We used to be as tight as Olivia Newton-John-style disco pants, but those days are over. The only time I see the interior designer these days is smiling back from the social pages with some B-list celebrity date on her arm. It’s obvious she’s no longer saving herself for Brian Littrell from the Backstreet Boys. Or marriage. Guess she moves in the same rarefied circles as my ‘starchitect’ ex. It kills.
‘Who invited you?’ she snarls.
I try to speak, but the words die on my lips. Still, now’s not the time for an unfriendly catch-up. Ducking my head, I sidestep her like she’s a wax figure from Madame Tussauds and pelt for the door. This is why I never deviate far from my new beachside postcode – doing so means re-living old memories.
But, like the final obstacle in a computer game, Lance has reappeared, lingering near the doorway. My skin prickles with humiliation. He knew all along I wasn’t a guest here. So much for the so-called birthday party I had to rush to.
His gaze rakes my face and he reaches a hand towards me. I dismiss it. ‘You okay?’ He has the grace to look concerned, but it’s likely to be an act; I bet he’s loving this. ‘I should have stopped you going in. It’s just you moved so fast, then I couldn’t find you—’
‘I don’t need your help,’ I spit out. ‘I needed you to keep your mouth shut fifteen years ago, instead of doing a big kiss-and-tell on me and destroying everything.’

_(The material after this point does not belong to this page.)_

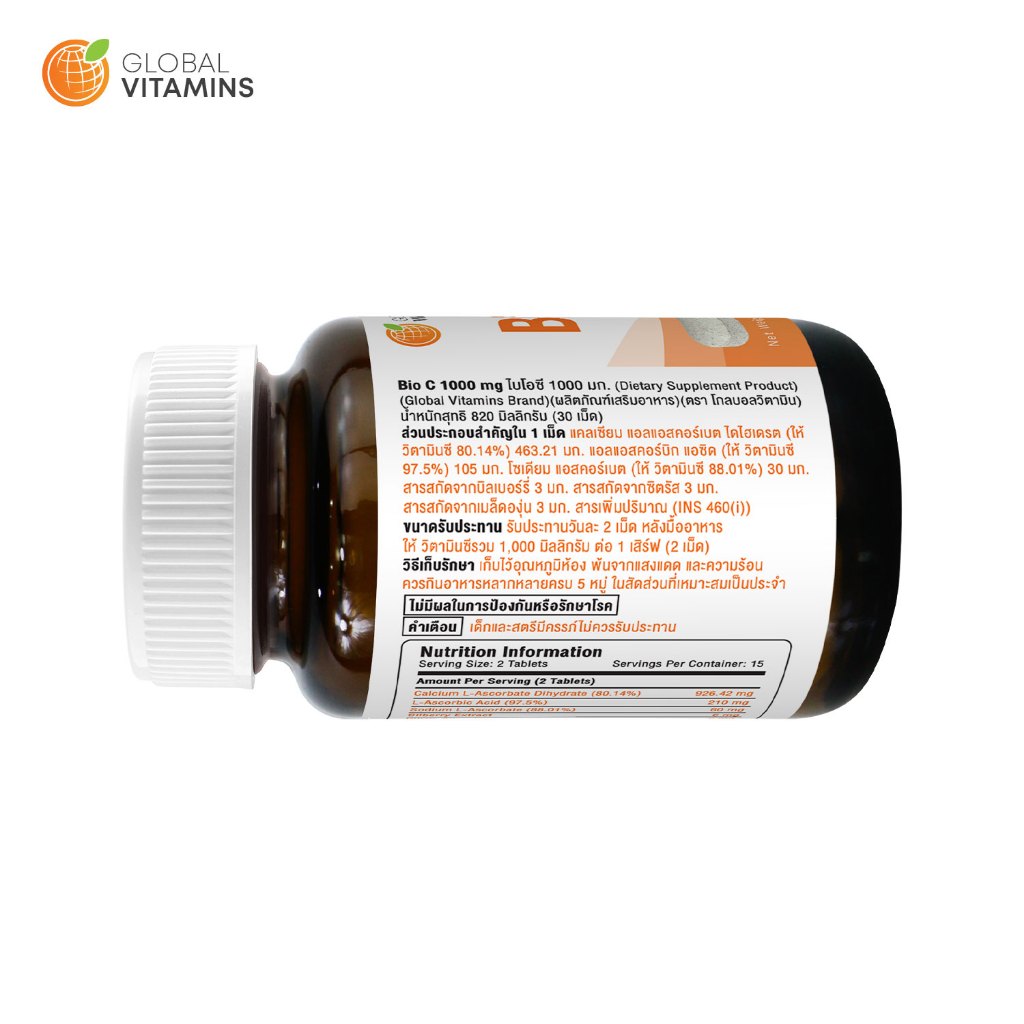 [1 ขวด] ไบโอซี วิตามินซี 1000 มก. โกลบอลวิตามิน Bio C Vitamin C 1000 mg Global Vitamins วิตามินซีพลัส บิลเบอร์รี่ ซิตรัส
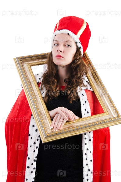 Бизнес-леди в королевском костюме, изолированная на белом фоне

Lance looks momentarily flummoxed. ‘I guess I deserve that. Look, Flora, I want to explain about that nigh—’
But I savagely push past him, my shoulder banging against his chest. ‘Let’s leave the past in the past.’
Without glancing back, I thunder onto the footpath, stick out my hand and do my best Carrie Bradshaw impersonation. ‘Taxi!’
I stare at my reflection in the bathroom mirror. My skin is pink from scrubbing it free of makeup and my eyes bare, my stick-on eyeliner strips now dotting the bathroom sink. I send a silent prayer up above that I won’t have to see Ruben, Clementine and co. for another fifteen years.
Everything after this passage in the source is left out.